Floor impact sound is one noise in apartment houses that cannot be avoided. In order to reduce floor impact sound, a floating floor system using resilient materials has been generally applied. Floor impact sound insulation performance of the floating floor system is dependent on the physical property (dynamic stiffness) of resilient materials. This study investigated the effect of temperature changes on resilient materials used in the floating floor system and on dynamic stiffness. Ethylene vinyl acetate (EVA) and expanded polystyrene (EPS) were used as resilient materials, and dynamic stiffness was measured during three stages of temperature change condition. The measurement result showed that as the temperature decreased, dynamic stiffness also increased. This study also analyzed the effect of changes in outdoor temperature on the heavyweight impact sound level with respect to concrete buildings with wall slabs. The floor impact sound level tended to increase during the winter season, when the outdoor temperature was low.

Changes in Floor Impact Sound Insulation Performance with Time

Floating floor structures installed with resilient materials are commonly used to reduce sound from floor impacts. Resilient materials minimize the transmission of vibrations by absorbing shock vibrations occurring on the upper part. The floor impact sound reduction performance of resilient materials is related to the dynamic stiffness, which is a physical characteristic of materials. However, the dynamic stiffness varies according to the increase in the loading time of the load that is installed on the upper part of resilient materials.
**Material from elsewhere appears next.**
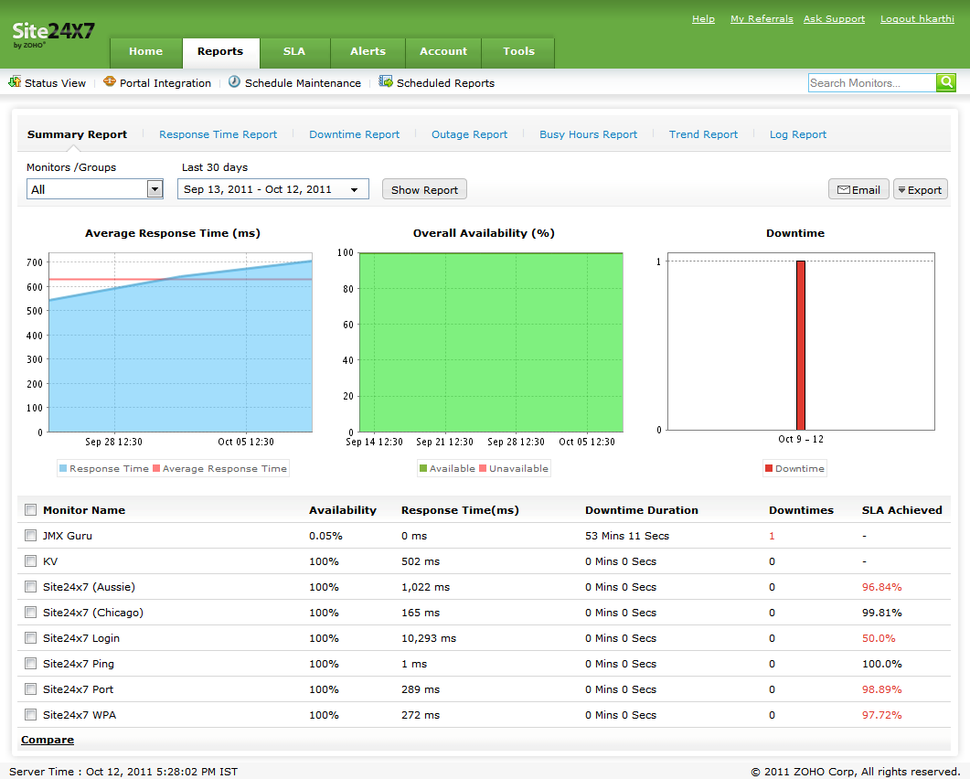 Site24x7 Website Performance Reporting

The dynamic stiffness values increase with an increase in the loading time; an increased dynamic stiffness value decreases the vibration reduction effect. The present study focuses on a floor structure installed with resilient materials, and identifies the degree of reduction in floor impact sound insulation performance with the elapse of time. The insulation of sound from lightweight impact sound decreased with the elapse of time, whereas the heavyweight impact sound did not show significant changes.